Universal Plan Intermediate Representation - Formal verification, synthesis, and optimization for distributed systems
Project description
UPIR: Universal Plan Intermediate Representation
Formal verification, automatic synthesis, and continuous optimization of distributed system architectures.
Table of Contents
- Overview
- Attribution
- Key Features
- Installation
- Quick Start
- Core Concepts
- Usage Examples
- Architecture
- API Documentation
- Examples
- Contributing
- License
- References
Overview
UPIR (Universal Plan Intermediate Representation) is an open-source framework for formally specifying, verifying, synthesizing, and optimizing distributed system architectures.
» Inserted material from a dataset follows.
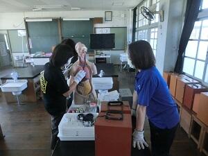 午前中に、授業の進め方やタブレット操作の研修を行い、午後からは、体育館倉庫や理科室、家庭科室の整理を全職員で行いました。理科室には、昭和40年代の器具等もたくさん残っていましたが、一気に片づけてしまいました。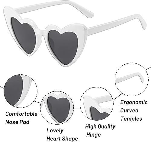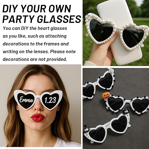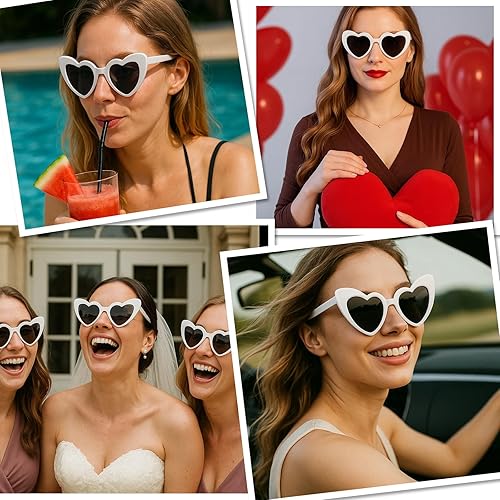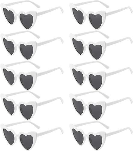 JazRvr Lot de 10 paires de lunettes de soleil en forme de cœur blanc pour fête, mariage, carnaval, activités de plein air, accessoire de mode pour femmes et enfants

It bridges the gap between high-level architectural requirements and production-ready implementations.
What UPIR Does
- Formal Verification: Prove that your architecture satisfies correctness properties using SMT solvers
- Automatic Synthesis: Generate implementation code from architectural specifications using CEGIS
- Continuous Optimization: Learn from production metrics to improve architectures using reinforcement learning
- Pattern Management: Extract and reuse proven architectural patterns
- Incremental Verification: Cache proofs for faster iteration
Why UPIR?
Designing distributed systems is hard. Traditional approaches rely on:
- Manual design prone to errors
- Ad-hoc validation that misses edge cases
- Trial-and-error optimization that wastes resources
- Reinventing patterns instead of reusing proven solutions
UPIR automates these processes using formal methods, program synthesis, and machine learning.
Attribution
This is a clean-room implementation based solely on public sources:
Primary Source: Automated Synthesis and Verification of Distributed Systems Using UPIR by Subhadip Mitra, published at TD Commons under CC BY 4.0 license.
Additional references listed in SOURCES.md.
Author: Subhadip Mitra
License: Apache 2.0
Project Status: Personal open source project, no affiliations
Key Features
1. Formal Specifications with Temporal Logic
Define requirements using Linear Temporal Logic (LTL):
from upir.core.temporal import TemporalOperator, TemporalProperty
# ALWAYS: Data consistency must always hold
always_consistent = TemporalProperty(
operator=TemporalOperator.ALWAYS,
predicate="data_consistent"
)
# WITHIN: Respond within 100ms
low_latency = TemporalProperty(
operator=TemporalOperator.WITHIN,
predicate="respond",
time_bound=100 # milliseconds
)
2. SMT-Based Verification
Verify architectures satisfy specifications:
from upir.verification.verifier import Verifier
from upir.verification.solver import VerificationStatus
verifier = Verifier()
results = verifier.verify_specification(upir)
for result in results:
if result.status == VerificationStatus.PROVED:
print(f"✓ Verified: {result.property.predicate}")
else:
print(f"✗ Failed: {result.property.predicate}")
print(f" Counterexample: {result.counterexample}")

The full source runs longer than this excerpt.